Arize
Setup
To get started, you need to create an Arize account which you can do here. Once you have signed up for Arize, you will need to create a ‘space’ - you can think of this a way to organize various models but usually one space per company/client is sufficient.
Arize handles the following type of models for you to do logging. You can read more about the functionality they provide for each to get a sense of their features and functionality:
- Binary Classification
- Multi-class Classification
- Regression
- Timeseries Forecasting (Coming soon)
- Ranking (Coming Soon)
- NLP
- CV
Logging with Arize is particularly easy with Cerebrium since you just have to define about 8 lines of code, and it follows an almost identical pattern to if you are familiar on how to log with Arize. If you would like to be more familiar with their platform you can take a look at the Arize documentation.
Adding a Arize Logger
Once you have instantiated your Conduit object in code (see here), you can add a Censius logger to it by calling the add_logger
method.
The Arize logger requires the following platform specific arguments:
api_key
: The unique key of our account which can be found in your Space Settingsspace_key
: The unique key related to the space you would like to deploy your model. This can be found in your Space Settings.model_type
: The type of Arize model you are using. You can find the different options herefeatures
: A list of the column names of your different features. Do not include outcome variable names - purely features.metrics_validation
: Optional. The validation metrics you would like to use to determine the performance of your modelclass_labels
: Optional. A list of potential labels for multi-class classification. Please ensure it correlates to the order that the model would returnembedding_features
: Optional. If you include embedding vectors as features for your model. You can read more hereschema
: This is the schema that Arize requires in order to determine what your predictions, features and embeddings are.
from cerebrium import Conduit, model_type, logging_platform
from arize.utils.types import ModelTypes, Environments, Schema, Metrics
features=["pregnancies", "glucose", "bloodPressure", "skinThickness","insulin", "bmi", "diabetesPedigree", "age"]
schema = Schema(
prediction_id_column_name="prediction_id", #Do not change this
prediction_label_column_name="prediction", #Do not change this
feature_column_names=features,
tag_column_names=["pregnancies"]
)
platform_args = {
"model_type": ModelTypes.BINARY_CLASSIFICATION,
"schema": schema,
"space_key": "<YOUR_SPACE_KEY>",
"api_key": "<YOUR_API_KEY>",
"features": features,
"metrics_validation": [Metrics.CLASSIFICATION]
}
conduit.add_logger(
platform=logging_platform.ARIZE,
platform_authentication={"space_key": platform_args['space_key'], "api_key": platform_args['api_key']},
features=platform_args["features"],
targets=["outcome"],
platform_args=platform_args,
log_ms=True
)
You can now deploy your Conduit as normal! Your model will log predictions to Arize every time you call the endpoint.
conduit.deploy()
Logs sent to Arize aren’t available immediately as it takes Arize a few minutes to process them.
Important things to Note
Logging Actual Values
With every request made to your Cerebrium endpoint, a unique run_id
is returned. We use this run_id
to associate every log of the output of your model. You can use this run_id
to log the actual values to Arize and compare model performance to that of your baseline model.

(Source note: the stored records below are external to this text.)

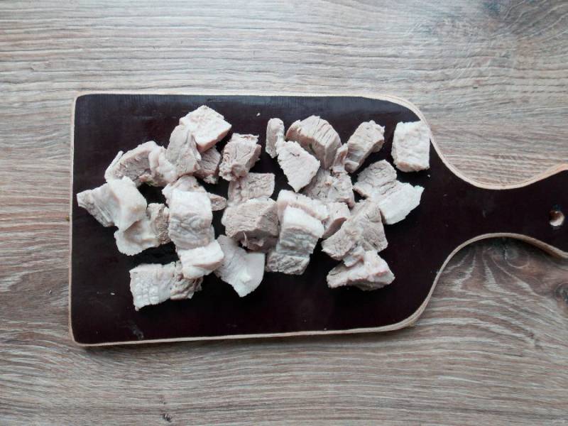 В кастрюлю налейте холодную воду и выложите порезанную на куски свиную грудинку. Добавьте в кастрюлю черный перец горошком и посолите. Доведите до кипения на среднем огне, убавьте огонь и варите при слабом кипении 1 час, снимая пену. Извлеките мясо и остудите.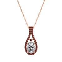 This Diamond and Ruby Necklace is casted in 14K Rose Gold. This Women’s Halo necklace features exceptionally fine gemstones, on par with those found in the world's most exclusive boutiques and among the top 10% available globally. Teardrop-shaped Pendant Featuring A Prominent Oval Center Stone Surrounded By A Halo Of Smaller Round Stones. The Elegant Design Is Further Enhanced By Delicate Stone Accents Along The Double Row Bail. This necklace comes with a complimentary 18-inch chain. Enjoy the confidence of our 30-day, stress-free return policy—with return shipping fully covered. Each piece is also accompanied by a Lifetime Warranty, ensuring lasting beauty and peace of mind.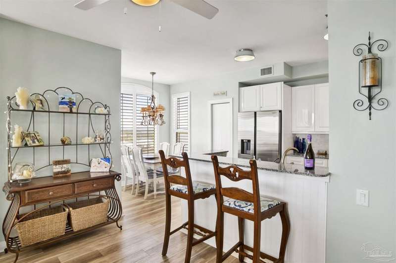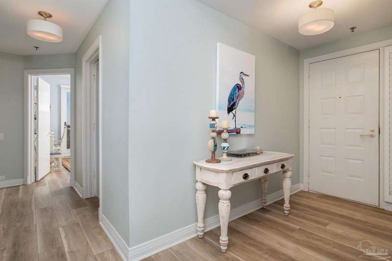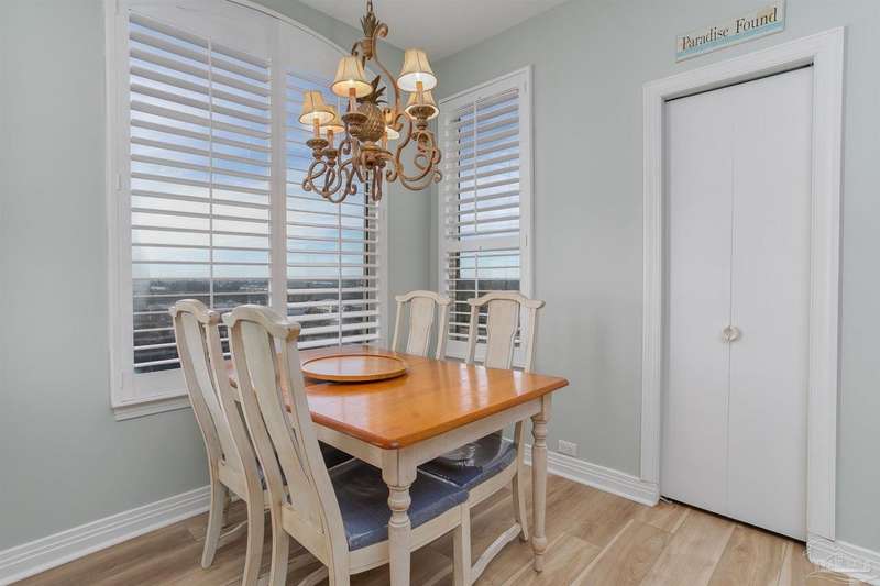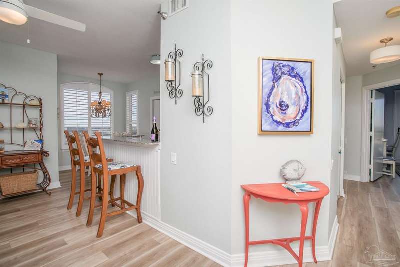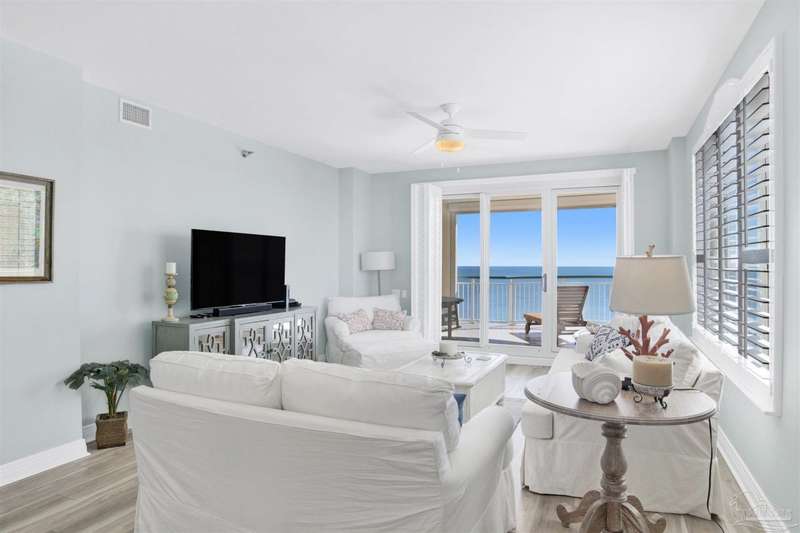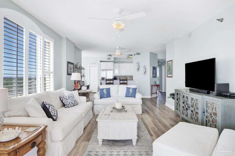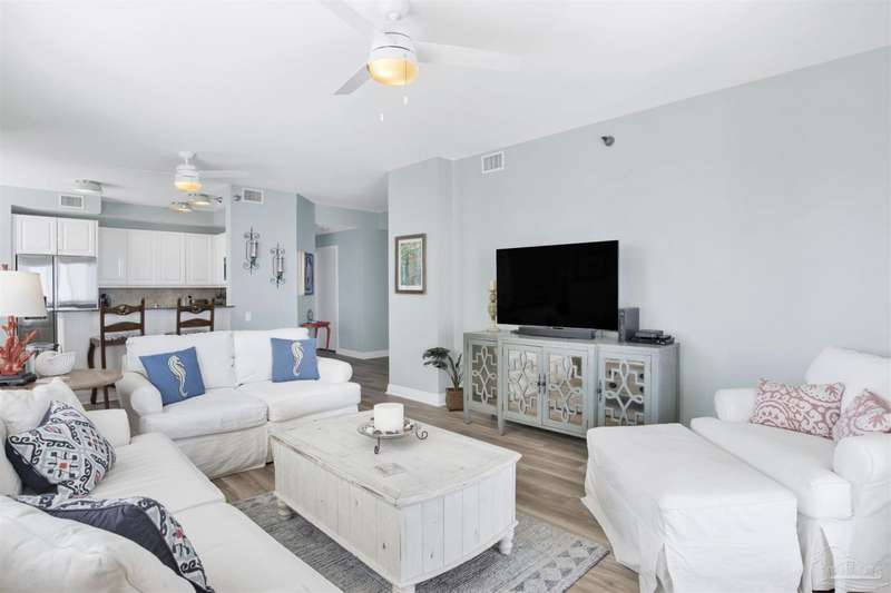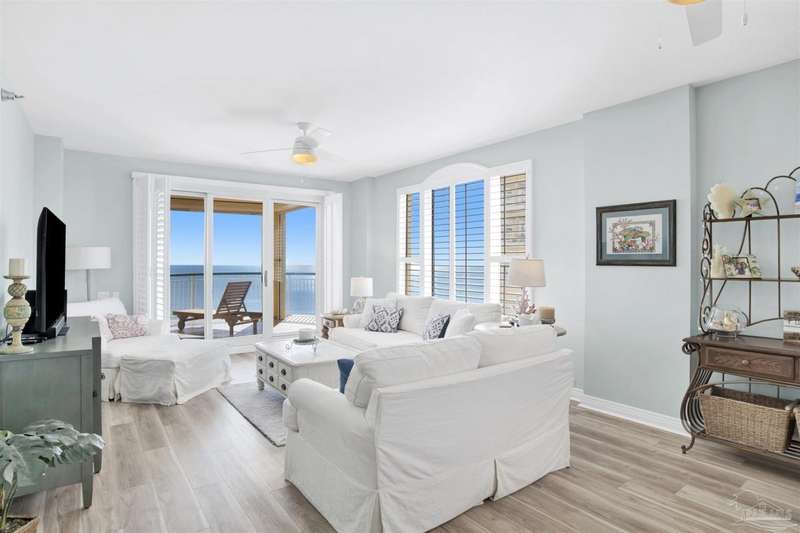 HIGHLY SOUGHT-AFTER 3-BEDROOM RESIDENCE IN BEACH COLONY TOWER WITH CURVED BALCONY AND SWEEPING GULF VIEWS! The Tower building is situated forward of the East Tower offering spectacular Gulf Views! This immaculate 1 OWNER 3 bedroom residence on the 10th floor is move-in ready! Features include beautiful wood look luxury vinyl plank flooring throughout, freshly painted in modern coastal/neutral tones and decorated in on-trend coastal furnishings. This 1,756 sf. floor plan has a fabulous open design with plenty of room for the whole family. Enjoy panoramic views from the eat-in breakfast nook in the kitchen as well as additional seating at the breakfast bar. The large Gulf-front primary bedroom has sliding doors leading to the covered balcony as well as a large primary bathroom with double vanity, walk-in shower and amazing views from the picture window above the soaking tub! Fabulous floor plan has guest bedrooms away from the primary living areas allowing for extra privacy! Enjoy conveniences like full laundry room and spacious owner storage closet to store all your beach chairs, fishing gear, and more. This is a perfect vacation home, investment property or primary residence. All residences in the tower building have hurricane shutters on the balcony plus heavy duty sliding glass doors in the living room and primary bedroom to protect your investment. BEACH COLONY IS A GATED COMMUNITY WITH EXCEPTIONAL ON-SITE MANAGEMENT AND ONE OF THE BEST AMENITY PACKAGES ON THE ISLAND WITH INDOOR HEATED POOL, 2 OUTDOOR POOLS, TENNIS COURTS, STATE-OF-THE-ART FITNESS CENTER, SECURITY-CODED ELEVATORS, COMMUNITY ROOMS AND AMPLE PARKING FOR OWNERS AND GUESTS. THIS GEM WON'T LAST LONG!

Multi-class classification
When doing multi-class classification, its important that you keep the same order in your class labels that the model will return. Below is an example with the Iris dataset
platform_args = {
"model_type": ModelTypes.SCORE_CATEGORICAL,
"schema": schema,
"space_key": "sJlAcWf3",
"api_key": "IB31mRV6AMeiZkuV14zF",
"features": features,
"class_labels": ["Setosa", "Versicolour", "Virginica"]
}
If we pass the following input, [5.8, 2.7, 5.1, 1.9]
, to our XGBoost Classifier we get the following model output: [2]
. This would then correlate to the Virginica class label
Embedding vectors
If you are passing embedding features to your model you must make sure to not include it in the features array and define it separately.
features = ['state', 'city', 'merchant_name', 'pos_approved', 'item_count', 'merchant_type', 'charge_amount': 20.11]
embedding_features = {
"nlp_embedding": Embedding(
vector=pd.Series([4.0, 5.0, 6.0, 7.0]),
data="I really like the coffee",
),
}
platform_args = {
"model_type": ModelTypes.SCORE_CATEGORICAL,
"schema": schema,
"space_key": "sJlAcWf3",
"api_key": "IB31mRV6AMeiZkuV14zF",
"features": features,
"embedding_features": embedding_features
}
Subsequently, We assign values to your features in the order they were entered - so it’s important to make sure that the embedding values are the last in your model input. For example:
Input: ['ca', 'berkeley', 'Peets Coffee', True, 10, 'coffee shop' 20.11, [4.0, 5.0, 6.0, 7.0]]
In the above example, ‘ca’ is associated to state, ‘berkeley’ to city etc.